Hilcorp, based in Texas, has made a specialty of acquiring older, declining fields from major companies and reinvesting to rebuild them. Exactly this happened in Cook Inlet when the company purchased Chevron and Marathon’s assets and went about rebuilding them, at first by repairing old wells and then with new drilling.

Cook Inlet oil production had dropped to about 10,000 barrels per day but within a few years, and after a $1.8 billion investment by Hilcorp, production was exceeding 16,000 barrels per day.

This is still a far cry from the heyday of Cook Inlet, in the 1970s, when production peaked at over 200,000 barrels per day. But the fact that production in increasing is encouraging.

The strategy of major companies first discovering and developing a new producing area and then, as the fields mature, selling to an aggressive independent company like Hilcorp, is common. It has also happened in the North Sea, where Apache Oil, a major independent, purchased older producing fields from major companies and rebuilt them.

Hilcorp is now pursuing this on the North Slope where it purchased interest in three older fields from BP.

Independent companies have stumbled in Cook Inlet in past years, however. Forcenergy, an independent based in Texas, came into the Inlet several years ago to develop finds the larger companies had not developed. Problems developed and Forcenergy was acquired by Forest Oil, of Denver. The problems soon engulfed Forest Oil, too.

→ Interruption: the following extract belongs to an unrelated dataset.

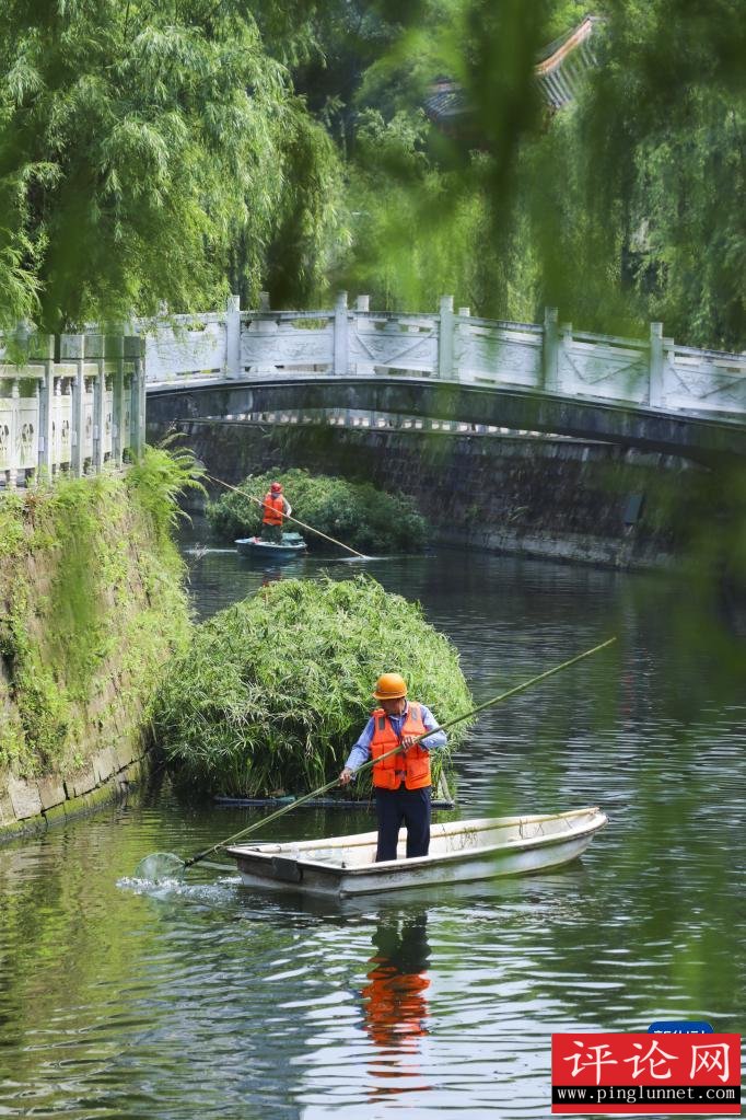工作人员在重庆永川临江河红旗河段清漂(2022年5月7日摄)。新华社发(刘欢 摄)
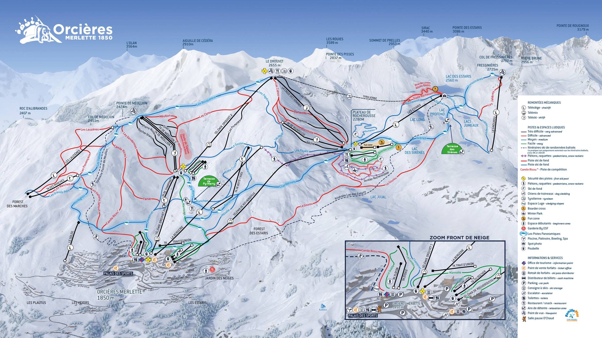 Pistekaart Orcières Merlette 1850 seizoen 2024/2025

Neither company now exists.

Apache Corp. also came into the Inlet to explore and develop new oil and gas but withdrew after a few years.

Hilcorp appears to now have staying power. Wilkins, its vice president, said the company’s business plan is now based on oil prices in the $40 per barrel to $60 per barrel range.

Unless oil prices collapse again, the company should be able to keep its platforms from being “lighthoused” for at least several years.